Genome assembly is the process of reconstructing an organism’s complete DNA sequence from many short or long fragments generated by sequencing technologies. It aims to produce a contiguous, accurate representation of the genome that can be used to study genes, regulatory elements, structural variation and evolution.

Modern sequencing platforms generate huge numbers of reads, but each read is only a small piece of the genome and often contains errors. Assembly algorithms therefore face two central challenges: dealing with sequencing errors and resolving repeats, where identical or highly similar sequences occur in multiple genomic locations. Short reads are cheaper and highly accurate, but struggle with large repetitive regions. Long reads can span repeats and complex rearrangements, but are usually more error prone. Current strategies often combine both, using long reads to establish the overall structure and short reads to polish and correct errors.

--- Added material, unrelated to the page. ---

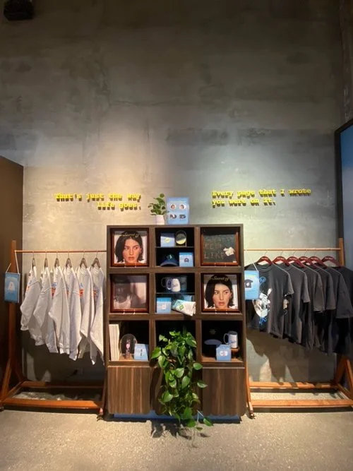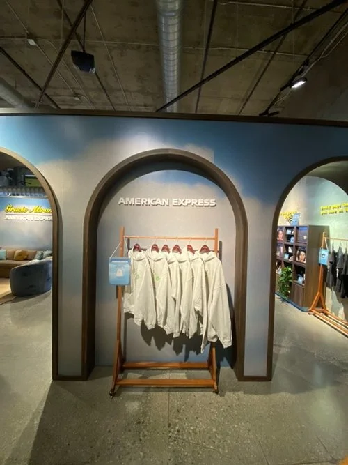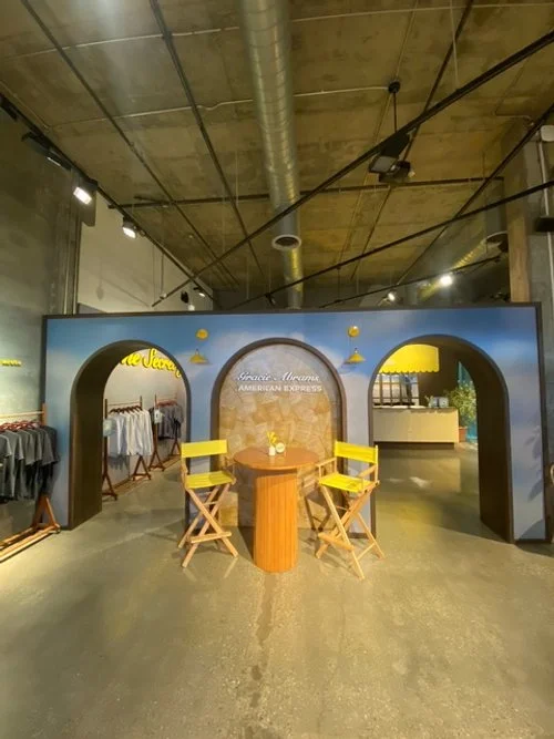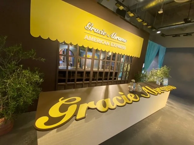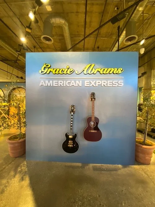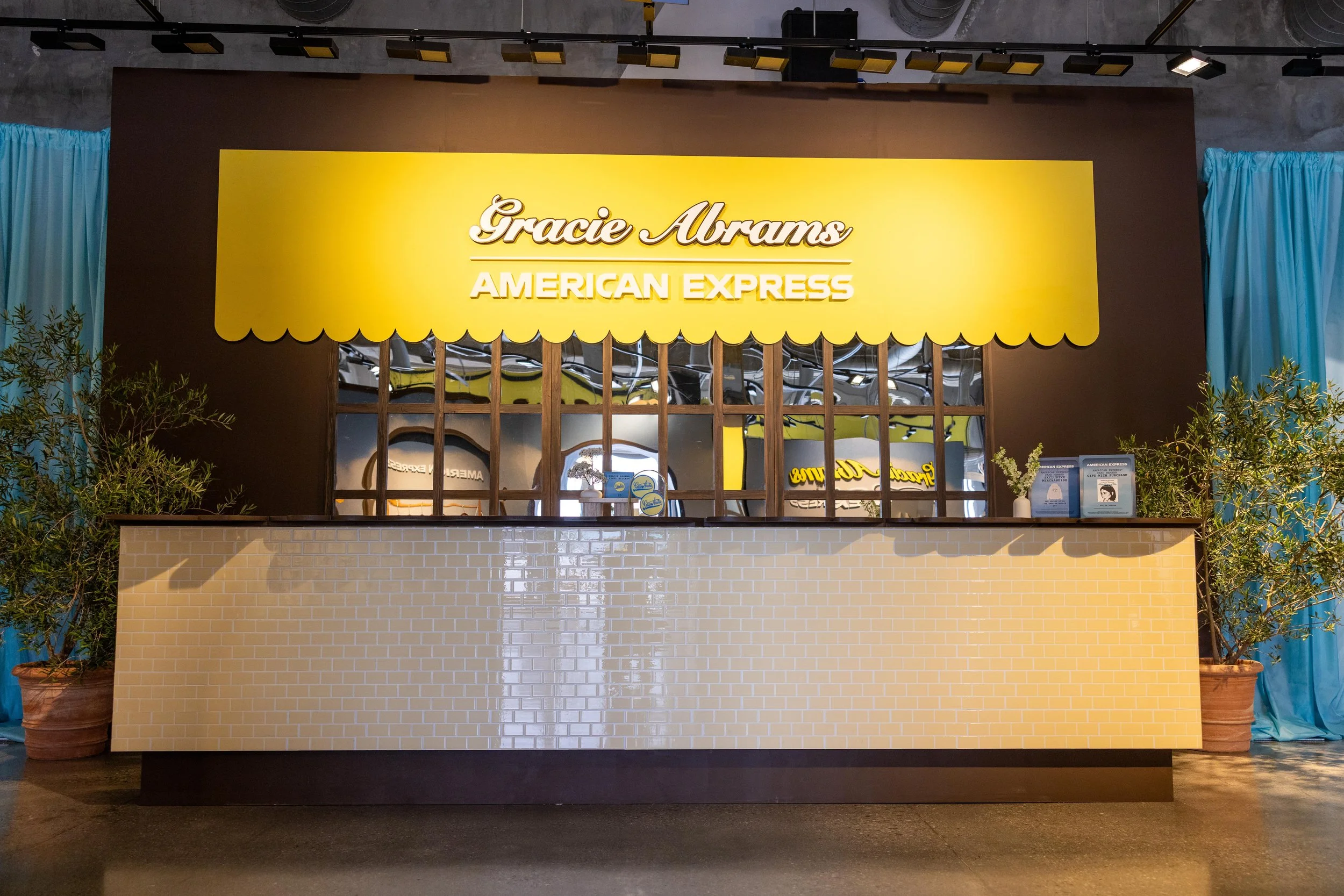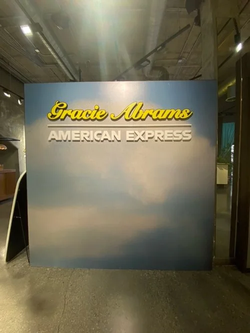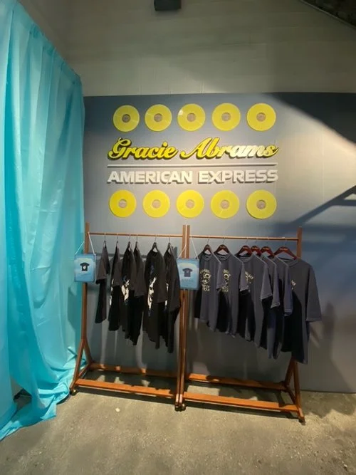 While Gracie Abrams lit up the stage at the Kia Forum, Slaack Productions brought the experience to Melrose with a pop-up shop in partnership with American Express—giving die-hard fans an exclusive shot at her merch. Our team built a custom 14-foot countertop with Gracie’s name CNC-cut into the surface, exterior awnings for curb appeal, and a series of double-sided graphic walls that shaped and divided the space. The buildout also featured a matcha bar pergola, custom arches, and a one-of-a-kind cabinet designed to showcase albums and CDs.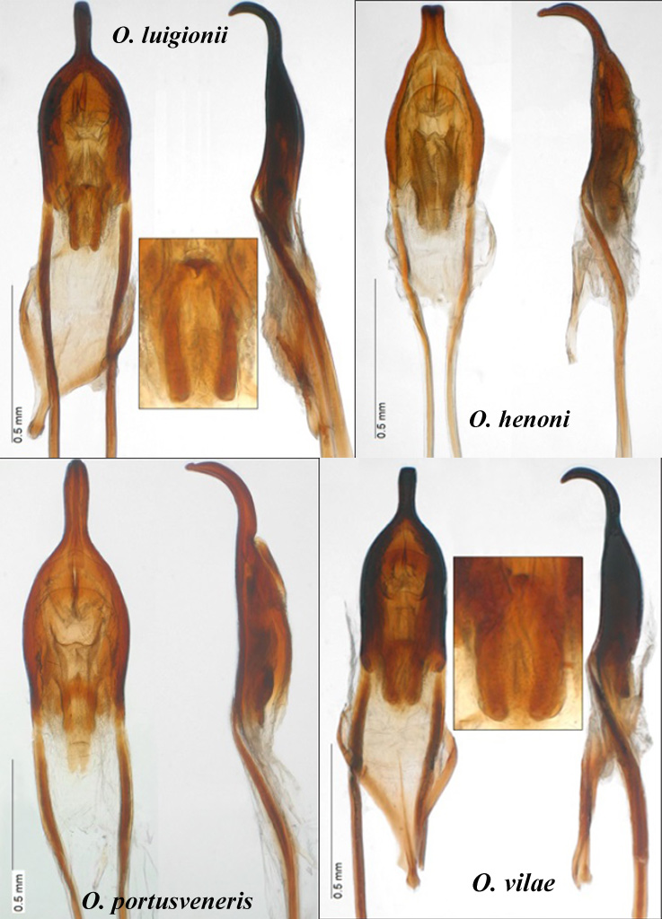 Non mi riferivo alla visione laterale dell'edeago, ma a quella dorsale ed in particolare all'angolo che ho messo in evidenza modificando la tua foto (Vedi sotto). Certo è che la struttura dell'endofallo in questo gruppo è diagnostica e discriminante, per cui io propendo come te per O. vilae ma cercherei comunque di chiarire il carattere indicato in foto.

Assembly methods fall into overlapping categories. De novo assembly builds a genome from scratch using overlaps and graph structures without a reference. Reference guided assembly aligns reads to an existing closely related genome to assist reconstruction and gap filling. Hybrid approaches leverage multiple data types, such as long reads, short reads, optical maps and chromatin conformation data, to reach chromosome level assemblies.

Quality assessment relies on continuity metrics, error rates, and completeness measures such as recovery of conserved single copy genes. High quality assemblies enable identification of structural variants, population level comparisons, and detailed functional annotation. Ongoing research focuses on improving algorithms, reducing computational costs, and extending accurate, phased assembly to complex, repetitive and polyploid genomes.